Start of DATASET EXTRACT

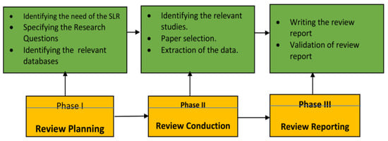 This section outlines the process of the proposed review approach, which is strictly based on the guiding principle provided by [23]. It entails the clearly defined stages to evaluate and analyze the selected articles to find any gaps in the body of knowledge and to review their contributions to the research questions (RQs) in order to reach a conclusion. Three steps make up the SLR process: review planning, review execution, and review documentation. Figure 4 depicts the various elements of each step as well as the results of each phase. The next subsection describes each stage.
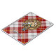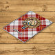 Clan MacPherson crest badge surrounded by a strap and buckle over red dress tartan background. Custom text.
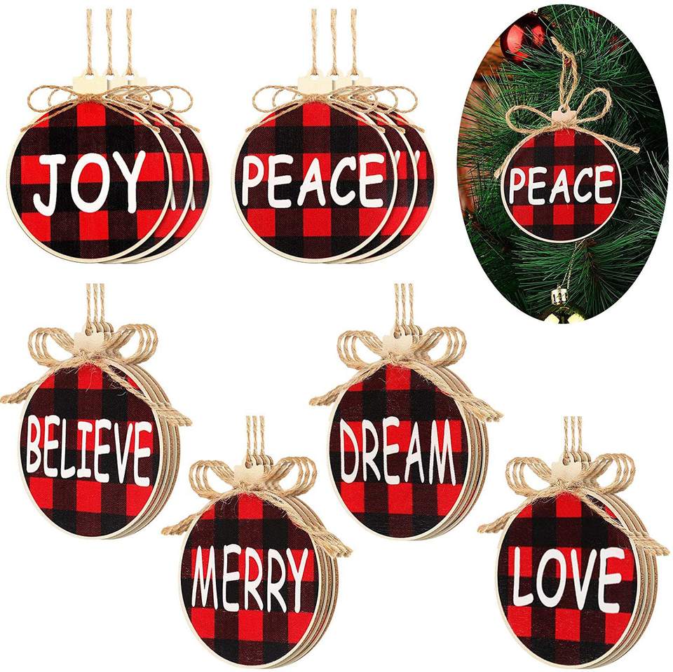 3pcs/Bag Christmas Wishes Tree Ornament Buffalo Plaid Printed Wood Hanging Christmas Ornament Tree Wooden Hanging Crafts

End of DATASET EXTRACT

> [PROMPT]: Having located the line with "Clan MacPherson crest", transcribe exactly and only the lines from it to the final line of the material, skipping the pictures.

> [FINAL ANSWER]:
 Clan MacPherson crest badge surrounded by a strap and buckle over red dress tartan background. Custom text.
 3pcs/Bag Christmas Wishes Tree Ornament Buffalo Plaid Printed Wood Hanging Christmas Ornament Tree Wooden Hanging Crafts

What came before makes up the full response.